Asset Class Behavior:

Asset Class Session Start Monthly/Quarterly/Yearly Timestamp
Equities 09:30 ET 1st of month/quarter/year at 09:30 ET
Crypto 00:00 UTC 1st of month/quarter/year at 00:00 UTC
Forex 00:00 UTC 1st of month/quarter/year at 00:00 UTC

Why This Matters:

Calendar periods anchor to actual calendar boundaries, ensuring: - Monthly bars always start on the 1st of the month - Quarterly bars always start on Jan 1, Apr 1, Jul 1, or Oct 1 - Yearly bars always start on Jan 1 - Consistency across datasets with different start dates

The session start offset is applied to these calendar boundaries, so: - Monthly equity bars: 1st of month at 09:30 ET - Monthly crypto bars: 1st of month at 00:00 UTC

Supported Calendar Periods: - "1m" - Monthly (anchors to 1st of month) - "1q" - Quarterly (anchors to Jan/Apr/Jul/Oct 1) - "1y" - Yearly (anchors to Jan 1)

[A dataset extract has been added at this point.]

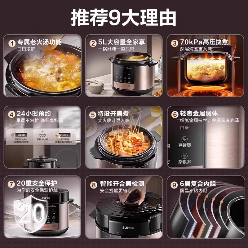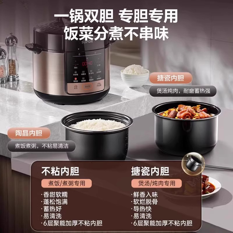 苏泊尔电压力锅家用双胆高压锅5L升多功能饭煲全自动智能官方正品

Best Practices by Asset Class

Crypto

  • Use UTC timezone exclusively
  • Higher volatility thresholds (3-5%)
  • Consider 24/7 nature in signal interpretation
  • Include incomplete bars for real-time analysis

Equities

  • Respect market hours and gaps
  • Lower volatility thresholds (1-2%)
  • Session-aligned aggregation via configurable session_start offset
  • Account for earnings and announcement gaps

Forex

  • Use UTC timezone for consistency
  • Medium volatility thresholds (0.5-1%)
  • Consider major session overlaps
  • Handle weekend gaps appropriately

Choose the asset class configuration that matches your data and trading requirements. The framework handles the complex details of market hours, timezone conversions, and gap handling automatically.